Indian manufacturing sees fast growth
India's manufacturing sector expanded at its fastest rate in more than two years in May, bolstered by steady growth in output, new orders and employment, a survey showed, another sign the country's economy is surging.
Despite the strong performance and inflation near 10 percent, many economists and traders expect worries about the euro zone debt crisis and the health of the global recovery will prevent the Reserve Bank of India from raising rates before its next quarterly review scheduled for July.
Monsoon rains arrived in southern India on time on Monday, and policymakers will keep a watch on how the rainy season pans out after last summer's drought sent food prices sharply higher.
Exports, meanwhile, rose an annual 36 percent in April to $16.9 billion, the sixth consecutive rise after 13 straight months of decline, the government said, although figures were flattered by a low base effect and could take a knock if the euro zone debt crisis worsens and saps demand.
The HSBC Markit Purchasing Managers' Index (PMI), based on a survey of 500 firms, surged to a 27-month-high of 59.0 from 57.2 in April. It was the 14th consecutive month that the indicator has been above the 50 mark that divides growth from contraction. The rate of growth had slowed in March and April.

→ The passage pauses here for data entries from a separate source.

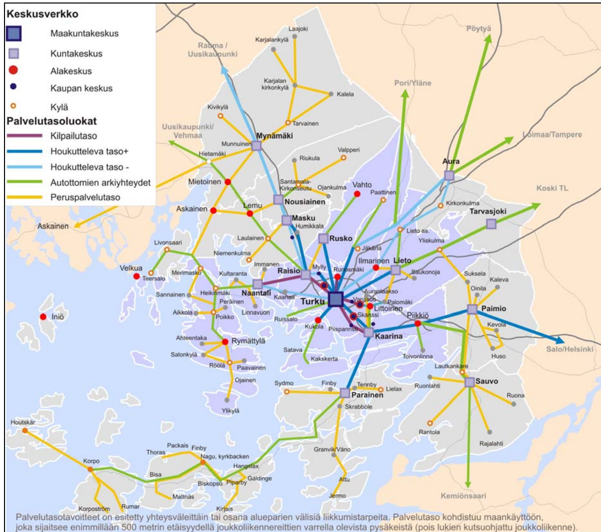
Kuva 1. Turun seudun palvelutasotavoitteet yhteysväleittäin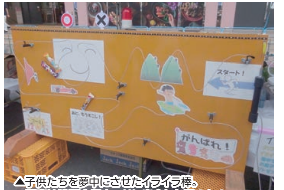
△子供たちを夢中にさせたイラストボード。写真は清瀬市民まつりに出店した際のもの

3階のイラストボードのコーナーで子供たちの様子を見ていただき、清瀬市民まつりに参加した時と同様大人気でした。みんなの粘りこんで、3回くらい粘って景品をゲットした子もいました。本気になりすぎてミスした際に泣いてしまった女の子もいました。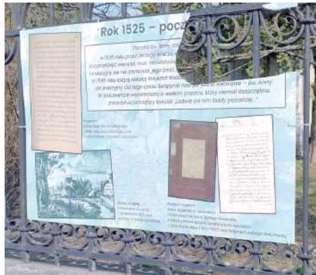
„Złota rączka” sprawdziła swoją skalę głupoty i wyżyła się na tablicy. Zostawiła po sobie pomniczek

Wyjątkowo głupi wandal pozostawił po sobie ślad przy skrzyżowaniu białskich ulic Zamkowej i Warszawskiej. Rozbił część tablicy informującej o początkach miasta.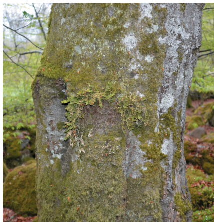
Fig. 3. Lunglavslokal där förutsättningarna inte längre är de bästa. Bokstam med Lobaria där stora delar av bälen bleknat och delar i mitten redan ramlat ner. (Tabell 1: lokal 13): Söndre Vång i Ivetofta socken, Skåne.

Årets resultat blev betydligt mer uppmuntrande än fjorårets. På de återbesökta 40 lokalerna fanns lunglaven kvar på 24, varav 19 återfanns av oss. På ytterligare fem lokaler finns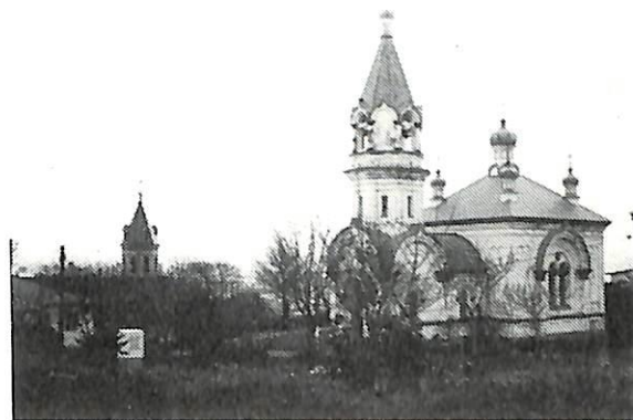
ハリストス正教会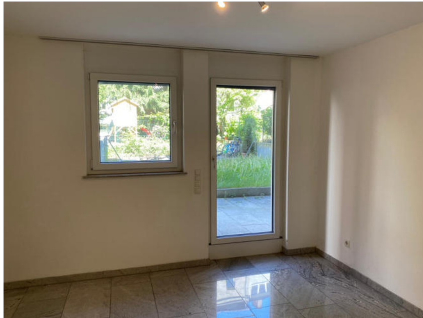
Bild Oben: Zimmer 1 mit Terrassenzugang Bild Unten: Wohnraum mit Terrassenzugang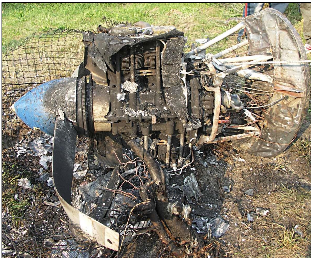
26 – Zespół napędowy po odcięciu od wraku, widok z góry.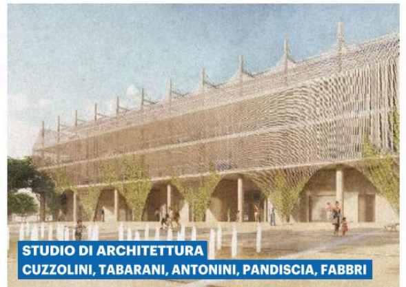
STUDIO DI ARCHITETTURA CUZZOLINI, TABARANI, ANTONINI, PANDISCIA, FABBRI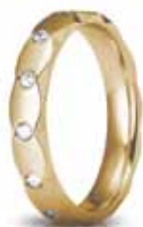
Classica oro giallo ct. 0.26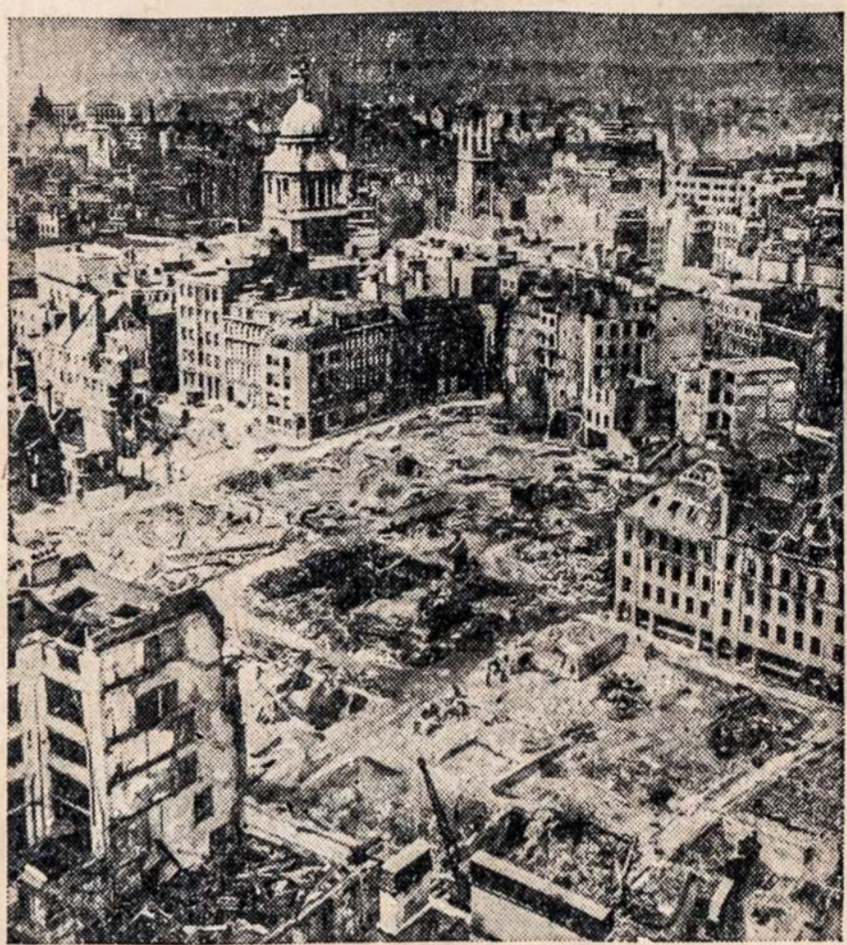
This photograph, just released by the British censor, shows some of the devastated sections in the great business center of London after air raid clearance work. An entire block of demolished buildings has been completely removed, leaving nothing but vacant lots, as shown in the picture. Hardly a building escaped damage.

Milijonas Lenkų darbininkų tapo išsiųsta į Vokietiją ir išmėtyta po dirbtuves, o kitas pusantro milijono kaimiečių ir amatininkų išvaryta iš vakrinųjų provincijų (Vokiškų plotų) į vidurinę Lenkiją, kur pastatyti dirbti ant kelių, geležinkelinių ir tvirtovių statymo.

The latest figure underlines considerable strength in the economy, which grew 8.6 percent in the March quarter, the strongest in six months, according to data released on Monday.
"The Indian economy is hardly pausing for breath," said Frederic Neumann, co-head of Asian Economics Research at HSBC.
"Output growth remains at a robust pace and new orders continue to pour in. This is benefiting the job market as more and more firms are hiring," he added.
The new orders index climbed to 63.7 in May from 61.9 in April, primarily driven by strong domestic demand, according to the PMI report. It was the 14th consecutive month when new orders expanded.
The robust growth seen by manufacturers helped push the employment index to its highest reading since August 2005, signalling modest job creation across the economy.
The latest survey also showed five-year series highs in the backlogs of work index and stocks of raw materials, boosted by strong demand from both public and private sectors.
While figures point to a sharp improvement in business conditions, resulting price pressures might be a cause for concern as Asia's third-largest economy continues to battle stubbornly high inflation.
Wholesale prices, the Reserve Bank of India's most closely watched gauge of inflation, eased slightly in April to 9.6 percent, but are not far from 10.1 percent seen in February, which was the highest since October 2008.
Latest food and fuel inflation, however, has remained in the double digits.
"Price pressures remain elevated and are of concern. However, the recent readings point to a stabilization of price pressures, with both the input and the output price indices easing back a little in May," Neumann said.